Dupixent to remain first choice in EoE

Until Celldex’s decision to discontinue barzolvolimab in EoE, the company was looking to enter a market dominated by Sanofi and Regeneron’s Dupixent (dupilumab), which was the first treatment available for the indication in the US in May 2022. It has since been approved in the paediatric population in January 2024.

The best-selling interleukin-4 (IL-4) and interleukin-13 (IL-13)-targeting mAb made Sanofi $14.1bn in 2024, with GlobalData’s analysts estimating that the drug’s sales will increase to $25.3bn in 2031 – pulling in numbers similar to Merck’s all-time best-seller Keytruda, which made the company $29.5bn in 2024.
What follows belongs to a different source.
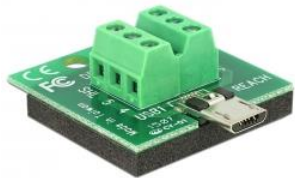
65597 Delock Adapter Micro USB male > Terminal Block 6 Pin

GlobalData is the parent company of Clinical Trials Arena.

However, Sanofi and Regeneron could soon face competition from AstraZeneca and Amgen’s Tezspire (tezepelumab) in this indication, as the drug is currently being assessed in the Phase III CROSSING (NCT05583227) study, with a primary completion date set to 16 July 2026.

Having been previously approved in a range of respiratory, dermatological and ear, nose & throat disorders, Tezspire hit blockbuster status in 2024 – earning $1.2bn.

Takeda’s Eohilia (budesonide oral suspension) was also approved by the US Food and Drug Administration (FDA) in February 2024.

This competition is reflected in GlobalData’s market estimate for EoE, with analysts forecasting that the indication’s worth will grow to $1.2bn – primarily driven by the proposed introduction of late-stage candidates.